(Beginning of AVAILABLE DATA)

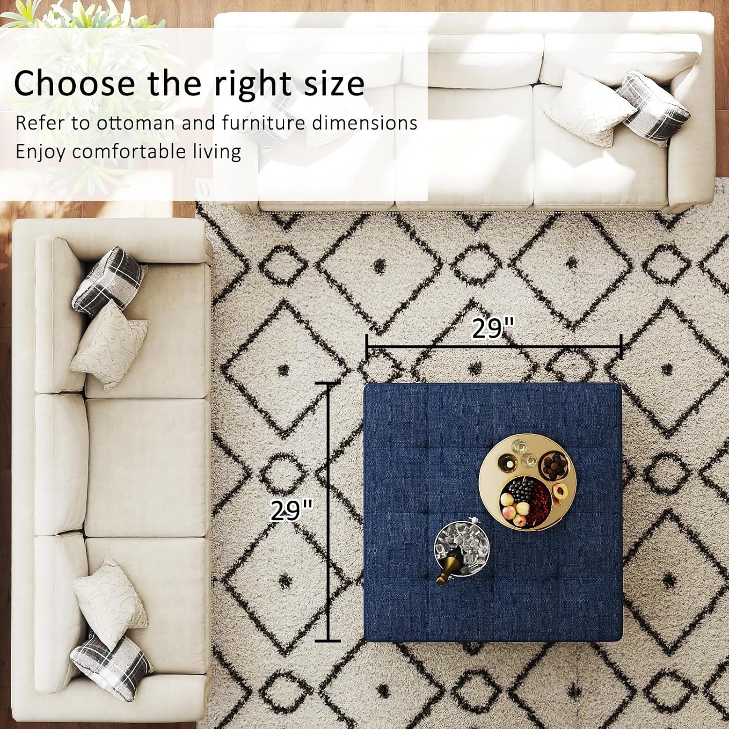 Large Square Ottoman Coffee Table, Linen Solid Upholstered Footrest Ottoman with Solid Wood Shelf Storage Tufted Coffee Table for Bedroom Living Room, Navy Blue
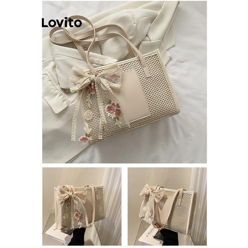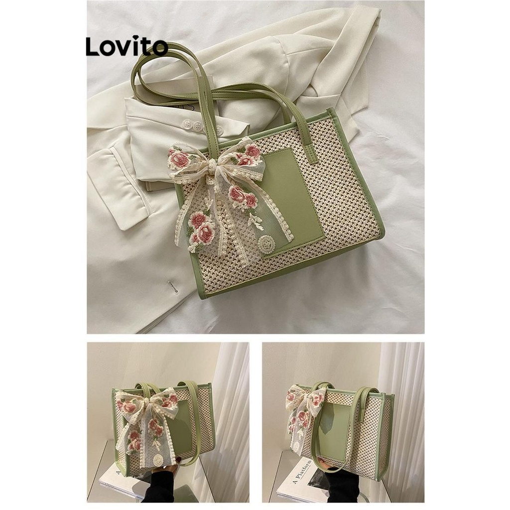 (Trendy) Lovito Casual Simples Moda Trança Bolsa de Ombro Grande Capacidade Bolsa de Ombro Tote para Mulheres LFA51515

(End of AVAILABLE DATA)
(Beginning of AVAILABLE DATA)

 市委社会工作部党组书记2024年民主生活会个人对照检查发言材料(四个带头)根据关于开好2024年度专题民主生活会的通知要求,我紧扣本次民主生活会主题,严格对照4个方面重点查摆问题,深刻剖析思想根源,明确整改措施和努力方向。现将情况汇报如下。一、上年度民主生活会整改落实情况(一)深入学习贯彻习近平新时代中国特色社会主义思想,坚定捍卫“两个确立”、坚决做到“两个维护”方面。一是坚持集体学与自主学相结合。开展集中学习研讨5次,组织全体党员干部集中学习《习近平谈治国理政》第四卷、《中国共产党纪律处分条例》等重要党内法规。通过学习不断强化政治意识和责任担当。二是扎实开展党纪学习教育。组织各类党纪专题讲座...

(End of AVAILABLE DATA)

DESCRIPTION OF THE TASK: Lines from the one above containing "Large Square Ottoman" down to the one containing "(Trendy) Lovito Casual" should be transcribed exactly, with both ends kept and no pictures.

ANSWER SECTION:
 Large Square Ottoman Coffee Table, Linen Solid Upholstered Footrest Ottoman with Solid Wood Shelf Storage Tufted Coffee Table for Bedroom Living Room, Navy Blue
 (Trendy) Lovito Casual Simples Moda Trança Bolsa de Ombro Grande Capacidade Bolsa de Ombro Tote para Mulheres LFA51515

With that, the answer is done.